3.1.3. Unsaturated Carboxylic Acids

Unsaturated carboxylic acids contain in their structure double and triple bonds, alongside the carboxylic functional group. The multiple bonds are arranged asymmetrically with respect to the carboxyl group. The multiple bonds influence the polarizability and the electronic interactions of unsaturated carboxylic acids, but this influence is less significant than in the case of dicarboxylic acids. In our study, we developed a QSPR model for molar refraction (Rm), corresponding to a set of 12 unsaturated acids (as a training set). Table 4 presents the values of ZEP index calculated for these acids and the experimental values of molecular refractivity. By applying the linear regression method and using a single descriptor we obtained the following equation:
Rm = 0.083 ± 0.673 + 1.287 ± 0.027 ZEP
N = 12   R = 0.998   R 2 = 0.995   S = 0.717   F = 2195.62   R CV 2 = 0.993 ;   MAE = 0.5233 ;   MAD = 0.3765
The coefficient of determination R2 = 0.995 and the standard error s = 0.717 show a very good correlation between ZEP index and molecular refractivity for aliphatic unsaturated acids. The model was validated by leave-one-out cross-validation and y-randomization techniques. The results of y-randomization are presented in Table 6. These results show, for each iteration, values R2yi < 0.2, which indicates the stability of the model. The value of cross-validated coefficient, R2CV = 0.995, which is very close to the coefficient of determination, illustrates the reliability of the model. The leave-one-out cross-validation predicted values are also presented in Table 4. In order to check the predictive ability of the model (10), we calculated, by using this equation, the values of the molar refraction for five unsaturated carboxylic acids. The obtained values were compared with the experimental values of molar refraction existing in the literature. The differences between the experimental and predicted values were not significant. Therefore, the QSPR model (10) was shown to be very good for the calculation of molar refraction for unsaturated carboxylic acids.
At the end of our study, we applied the linear regression method to the set of 80 acids obtained by the union of the set of 50 monocarboxylic acids, the set of 13 dicarboxylic acids, and the set of 17 unsaturated carboxylic acids. We thus obtained the following QSPR model for molar refraction:
Rm = −0.276 (±0.629) + 1.259 (±0.018) ZEP
N = 80   R = 0.992   R 2 = 0.984   S = 1.819   F = 4654.81   R CV 2 = 0.993 ;   MAE = 0.175 ;   MAD = 0.095
The obtained QSPR Equation (11), modelling the molar refraction of carboxylic acids, was used to compute the molar refraction for four other carboxylic acids, not previously considered in the QSPR study. The results obtained in this way are given in Table 5. As can be seen, the maximum standard error for Rm corresponds, as expected, to Equation (11), which comprises all carboxylic acids considered in the study.

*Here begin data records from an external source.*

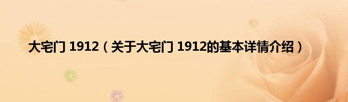 本文关于大宅门 1912的基本详情介绍就讲解完毕,希望对大家有所帮助。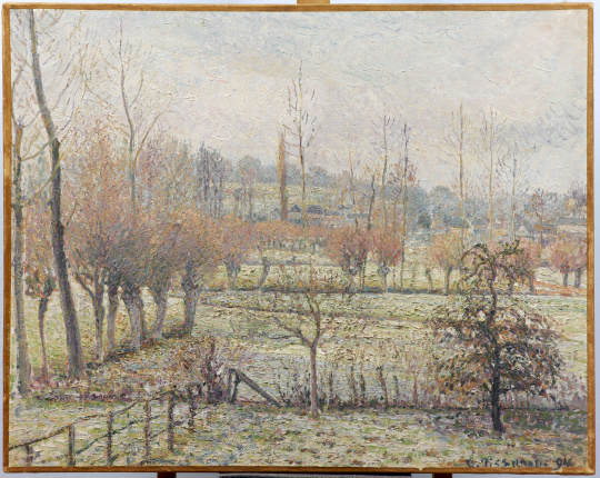 Grâce à un prêt de Monet, Julie et Camille Pissarro achètent leur maison en 1892, et Camille transforme la grange de leur propriété en atelier. Cela permet à l’artiste, souffrant désormais d’une infection oculaire chronique qui l’empêche de peindre à l’extérieur, de pouvoir créer depuis son atelier. Les fenêtres de l’atelier encadrent les alentours que Pissarro peint inlassablement. Si le cadre des fenêtres n’est jamais visible dans ces œuvres, le point de vue élevé porté sur la nature environnante transforme les compositions du maître. Dans ces paysages ruraux, Pissarro étudie les effets des saisons, de la météo et de l’heure de la journée de manière beaucoup plus approfondie qu’il ne l’avait fait auparavant. On y voit la campagne baignée de soleil, enveloppée de brouillard, ou recouverte de givre ou de neige, comme dans ses vues de Bazincourt, commune voisine d’Éragny, développées depuis la fenêtre de son atelier.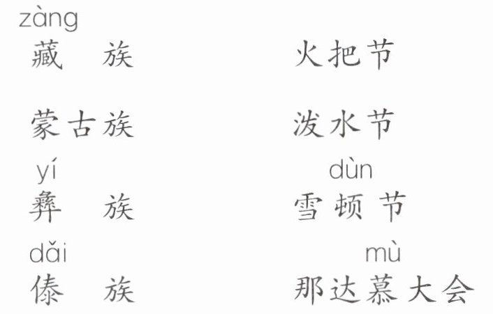 答案:三、藏族——雪顿节 蒙古族——那达慕大会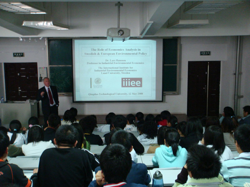 在学术讲座中。Lars教授分析了经济学中的环境评估,强调预防比治理要重要,并以青岛为例,分析了中国经济快速发展的同时所带来的环境污染问题,希望中国能够走上良性发展道路。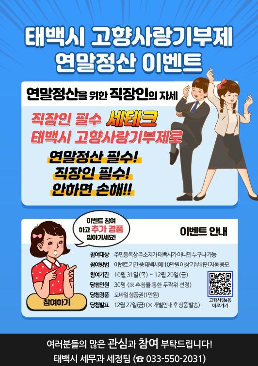 태백시는 10월 31일부터 12월 20일까지 고향사랑기부제 활성화를 위해 특별한 연말정산 이벤트를 실시한다.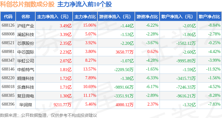 资金流向方面,科创芯片(000685)指数成份股当日主力资金净流出合计5.79亿元,游资资金净流入合计10.11亿元,散户资金净流出合计4.32亿元。成份股资金流向详情见下表: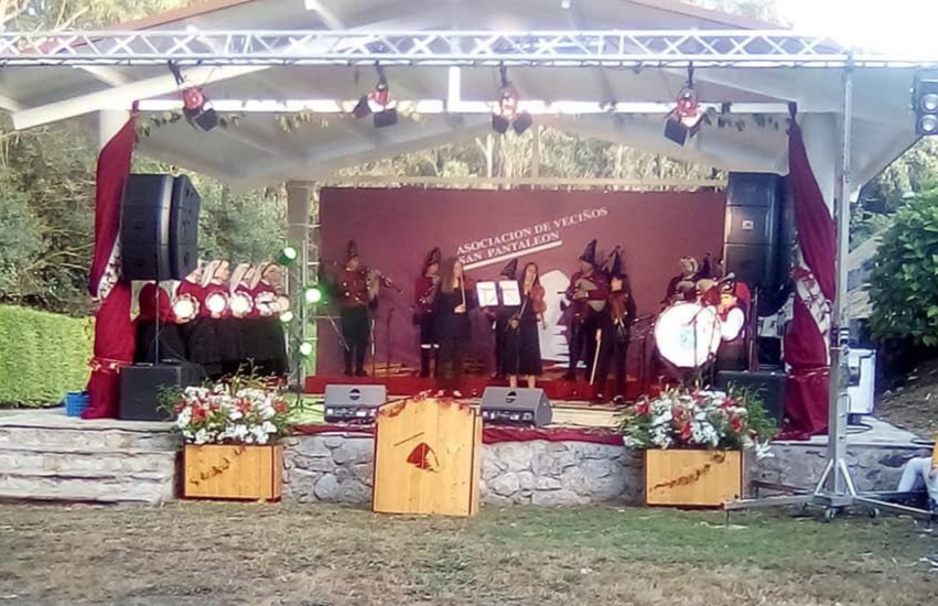 Como broche del evento intervino la Banda de Gaitas San Pantaleón, la más antigua de las tres habida cuenta que data de 1986, y nacida al abrigo de la Asociación de Vecinos como una de sus actividades culturales más relevantes. Esta dirigida por Dani López y cuenta con más de medio centenar de alumnos, que cuentan desde los siete a los setenta y nueve años de edad. En los años noventa del pasado siglo realizó multitud de salidas por toda la geografía gallega como parte de la “Liga Galega de Bandas de Gaitas”, periodo en el que obtuvieron varios y calificados premios. Actuaron por distintas ciudades y poblaciones de Portugal, además del territorio nacional e islas de Baleares y Canarias, e incluso en conocidos y populares programas de la T.V.G. En la actualidad han incorporado a sus conciertos otros instrumentos como el piano, saxofón, clarinete o timbales, sin olvidar la destacada sección de pandereteras que con sus típicos cánticos, tañidos y panderos hacen las delicias de todos y en particular de los amantes de nuestra cultura popular. Al finalizar su actuación habían transcurrido más de dos horas de embeleso, y el apego del público se tradujo en una imparable lluvia de aplausos con prolongación hasta que los componentes de las tres agrupaciones abandonaron el Parque del Hormeiro.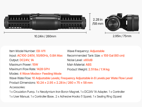 - Multi-Functional Controller: Adjust wave frequency and water flow rate with ease. The multifunctional controller includes a feed mode and key lock for the remote, providing complete control over your tank’s environment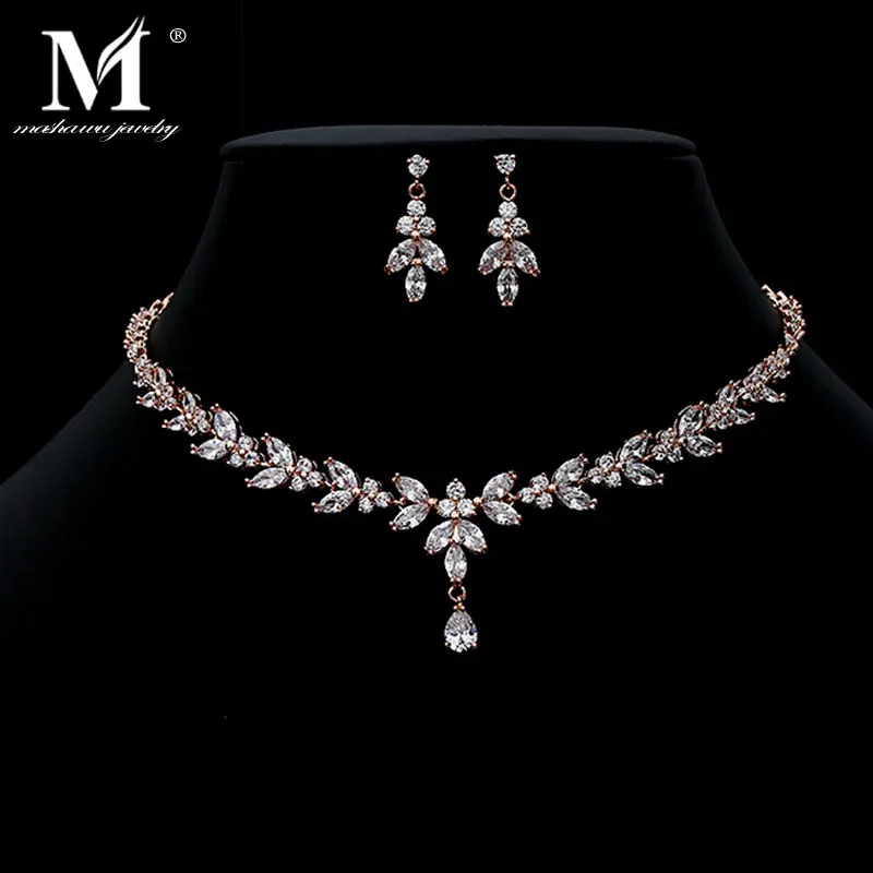 Бесплатная доставка новейший роскошный Искрящийся Блестящий кубический циркон прозрачное ожерелье серьги Свадебные Ювелирные наборы Акс...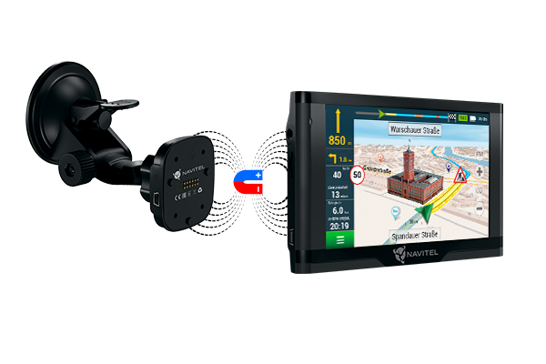 It is enough to bring the device and the base into proximity to securely fix the GPS. After that, it will automatically turn on and launch the navigation software. The strong magnet holds the device securely while driving. The GPS turns off automatically 15 seconds after its removal from the base. Installation and removal take only a few seconds.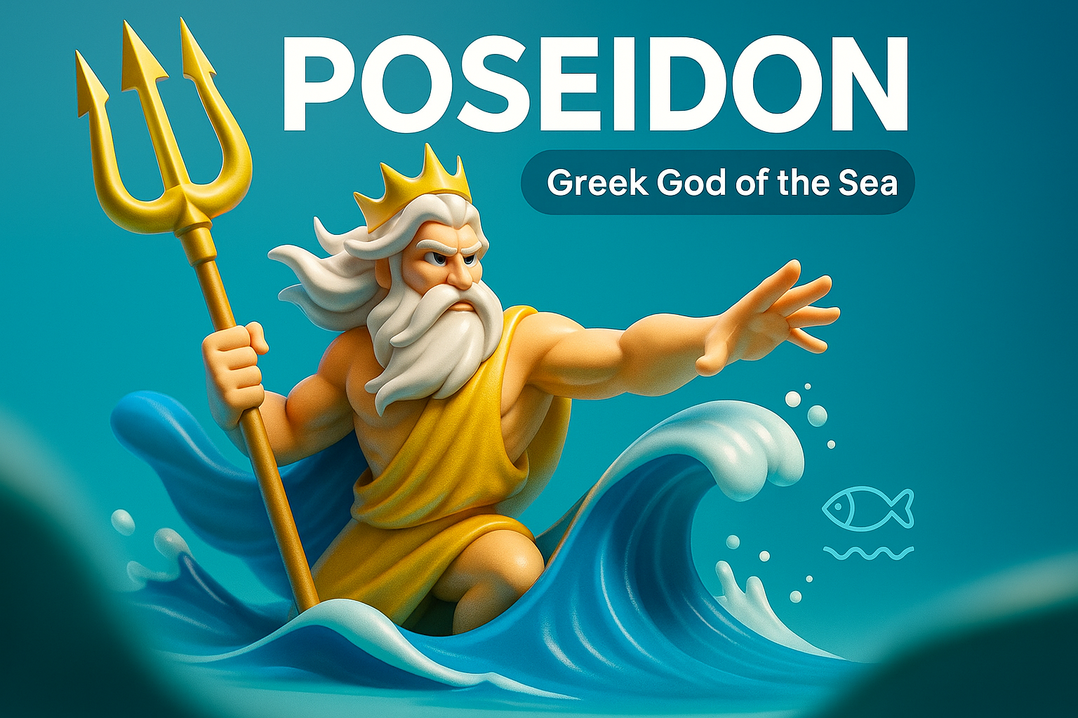 Dynamic 3D Illustration of Poseidon, Greek God of the Sea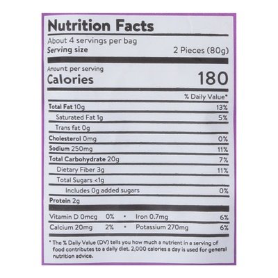PRODUCT DETAILS: A crisp and mouthwatering mix of zucchini, spinach and potato, Bringing the hash brown to the next level. One serving 2 hash browns (80g as consumed oven cooked) contains: Energy: 180 kcal (9%).Fat 10g (13%) Saturated Fat. 1g (5%). Sugars. <1g (0%) Sodium 250mg (11%). 180 calories per serving. 0 grams trans fat. Vegan. No added sugars. The % Daily Value (DV) tells you how much a nutrient in a serving of food contributes to a daily diet 2,000 calories a day is used for general nutrient advice. Strong roots, Having grown up on a farm, our founder has always known the importance of strong roots, Staying true to our roots and vegetables grown in rich soil- we serve food that fills you up and keeps you grounded backofpack(at)strongroots,com Scan with your smartphone for recipes, to say hello or to find out more Produced and packed in USA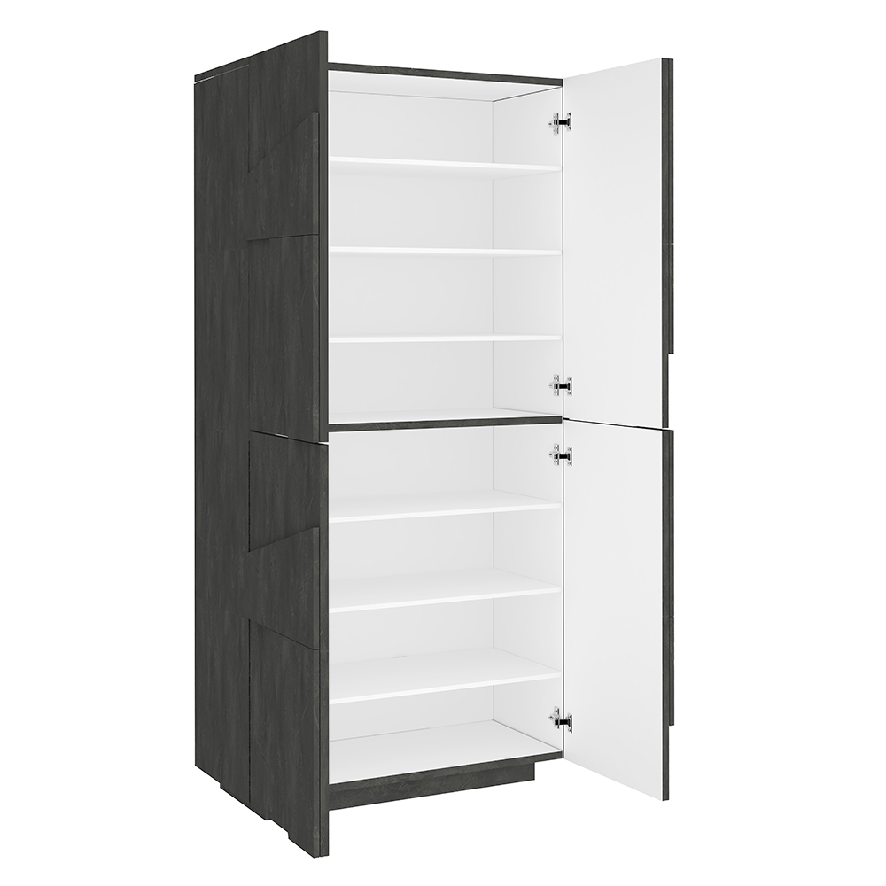Der Schuhschrank besteht aus 4 Flügeltüren , die durch die geometrische Reliefschnitzerei auf der Oberfläche besonders angefertigt wurden und 8 Behälterfächer schließen, die viel Stauraum garantieren. Es besteht aus Melamin und ist zu 100 % Made in Italy . Dieses Produkt eignet sich dank seiner schlichten und eleganten Oberflächen , die der Umgebung eine einzigartige und unvergessliche Note verleihen, zur Vervollständigung der Einrichtung jedes Wohnbereichs. Das verwendete Material garantiert Qualität und Beständigkeit auch im Laufe der Zeit.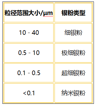 光伏銀漿中銀粉粒度種類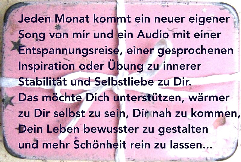Dein Paket oder das Päckchen für dich bzw. einen lieben Menschen kannst du über das Kontaktfeld bestellen - dann erhältst du die Überweisungsdaten. Und nach Eingang bei mir sende ich dir ein Willkommen. Dieses kannst du im Falle eines Geschenks ausdrucken ; ).
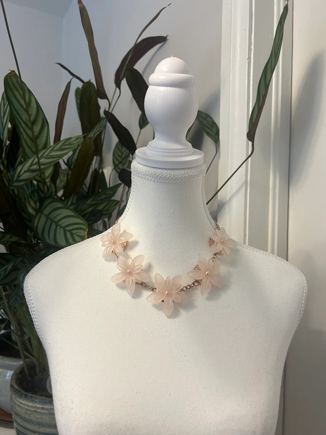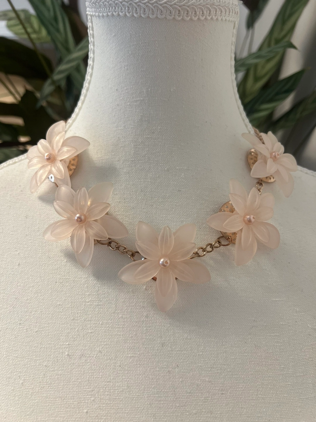 374Beautiful blush pink flower necklace. Features frosted pink flowers and gold chain. Perfect for adding a touch of elegance to any outfit.
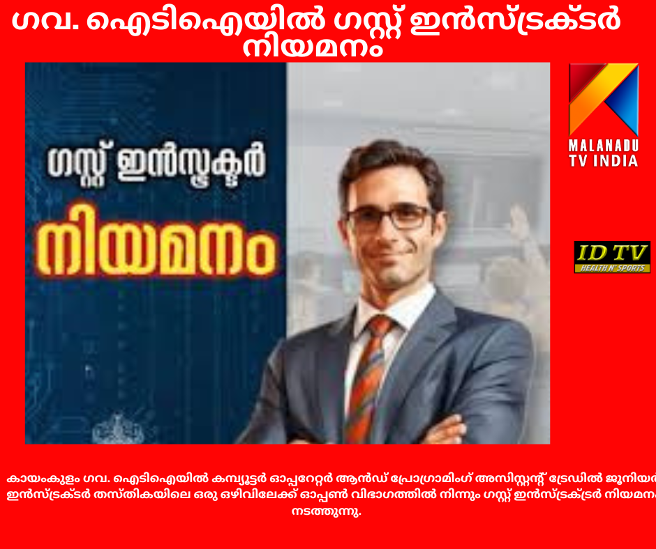 കായംകുളം ഗവ. ഐടിഐയില് ഗസ്റ്റ് ഇൻസ്ട്രക്ടർ നിയമനം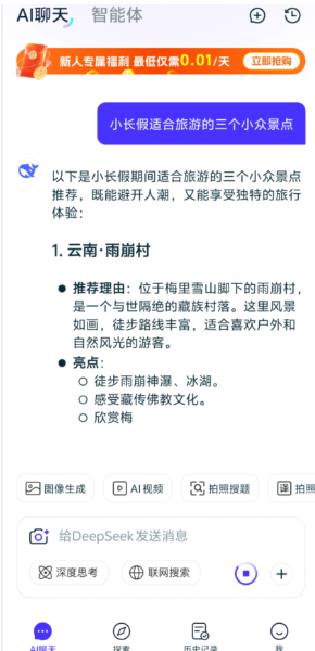 deep深度思考ai免费版 你的全场景智能创作助手,一站式集成多项热门AI功能,无论工作、学习还是生活娱乐,Deep深度思考AI 都是你触手可及的得力帮手。融合九大AI核心功能:智能对话、图文转视频、一键PPT、AI绘图、智能剪辑、照片跳舞、AI作曲、AI口播、照片唱歌。高效创作,从此轻而易举。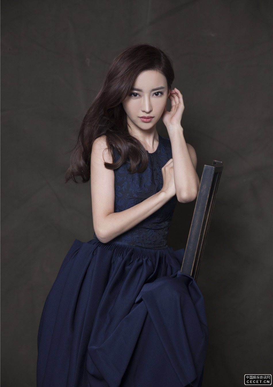 刘凡菲蓝裙时尚写真 展白皙肌肤与精致五官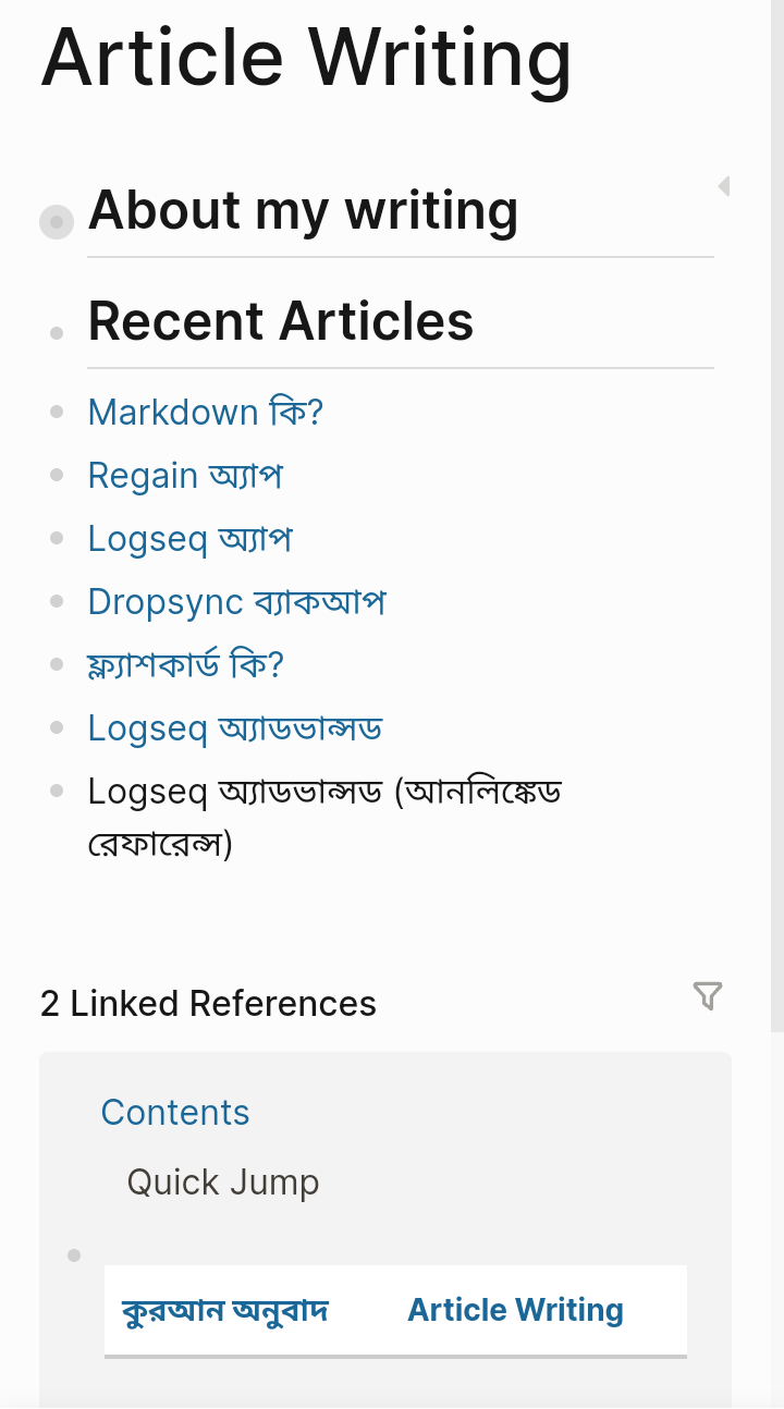 নোট লিঙ্কিং সম্পর্কে আগের পোস্ট’এ বলেছি কিছুটা। লগসেক এর সবচেয়ে পাওয়ারফুল ফিচার এটি। আপনি যেকোন বিষয়ে লিখুন। লিখতে লিখতে যদি এমন কোন শব্দ আসে যেটা সম্পর্কে পরবর্তিতে লিখতে পারেন তবে জাস্ট [[]] দুইটা থার্ড ব্রাকেট ব্লক এর মধ্যে লিখুন সেই শব্দ টা। র্যান্ডম ভাবে কোন পেজ তৈরি না করে বিষয় ভিত্তিক ধারাবাহিক ভাবে এগোন। যেমন আমার ক্ষেত্রে যদি বলি তবে, আমি Logseq দিয়েই ট্রিকবিডির সকল আর্টিকেল লিখে থাকি। তো নতুন কোন আর্টিকেল লিখার জন্য ডিরেক্টলি কোন পেজ তৈরি না করে ধারাবাহিকতা বজায় রেখে প্রথমে একটা পেজ তৈরি করলাম “Article Writing” এই নামে। এর পরে এখানে একে একে লিঙ্ক লিস্ট বানালাম। এতে আমার লেখা কোন আর্টিকেল খুজে পেতে কোন বেগ পেতে হবে না।

3.1.4. Building the QSPR Model for Polarizability

In Table 6 are presented the experimental values of molecular polarizability for 41 saturated aliphatic monocarboxylic acids divided into two subsets. One set containing 21 acids that will serve as training set in the QSPR modelling process, and another set containing 20 acids that form the test set, which are marked with the superscript b and which shall be used for testing the model by the method of external validation. The values for the polarizability of the 20 acids in the test set were obtained by conversion of molecular refractivity, using Equation (2). By correlating the molecular polarizability with ZEP index for these 21 monocarboxylic acids used as training set, the following linear QSPR model was obtained:
P = −0.792 (±0.055) + 0.525 (±0.002) ZEP
N = 21 R = 0.9999 R2 = 0.9998 S = 0.0617 F = 81,178.039 R2CV = 0.9998 R2CV ext = 0.998; MAE = 0.438; MAD = 0.04
The QSPR model (12) has a very good statistical quality for fitting the calculated values of P to the experimental ones. The robustness of the model (12) and its internal predictive ability were evaluated using a R2CV–cross validation coefficient based on leave-one-out (LOO); its value of 0.9998 being very good. The model (12) was also checked for reliability, robustness, and chance correlation by applying the y-randomization test. The y-randomization test was performed 10 times. The results of the y-randomization test are presented in Table 6. In each y-randomization run, we obtained R2yi < 0.2, which shows that the good results in our original model were not due to a chance correlation or structural dependence of the training set.
The QSPR model (12) was statistically internally validated and then this equation was used for calculating the values of the molecular polarizability for the training set and also for the predicted values P of monocarboxylic acids in the test set. The results are presented in Table 1. Regression of the predicted polarizability against the observed molecular polarizability was R20 = 0.998. The analysis of residuals of predicted molecular polarizability against the experimental values, in training set, showed that the residuals only once exceeded the standard deviation limits of ±2 s, in our case ±0.123. This corresponds to the compound 2,2-dimethylpropanoic (0.18 error). The capability of the linear model (12) to predict P values for monocarboxylic acids was investigated in the test set. The predicted values of P for a series of 20 monocarboxylic acids included in the test set, close to the number of acids in the training set, were calculated with Equation (12) and are given in Table 1, together with their deviations from the corresponding experimental values of P. The external predictive power was confirmed by R2CV ext = 0.998 and R2 ext = 0.9998. The analysis of residuals shows a single compound, 2,2,3,3-tetramethylbutanoic acid, falling outside the standard deviation limits of ±2 s. All the validation strategies show that the obtained model (12) is a valid QSPR model for the prediction of the polarizability of monocarboxylic acids. A general QSPR model for all the 41 monocarboxylic acids was also proposed:
P = −0.806 (±0.047) + 0.527 (±0.001) ZEP
N = 41 R = 0.9999 R2 = 0.9998 S = 0.083 F = 146,719.36 R2CV =0.998; MAE = 0.062; MAD = 0.04
The statistical results for Equation (13) suggest that our QSPR model (12) is very good. The obtained QSPR equations modelling the polarizability of carboxylic acids were used to compute the polarizability for four other carboxylic acids, not previously considered in the QSPR study. The results obtained in this way are given in Table 7.
Notably, the obtained values for polarizability and molar refraction increased relatively with the size and molecular weight of carboxylic acids. This fact is in agreement with the formula of Lorentz–Lorenz, which gives the relationship between polarizability, the molar refractivity, and volume [18].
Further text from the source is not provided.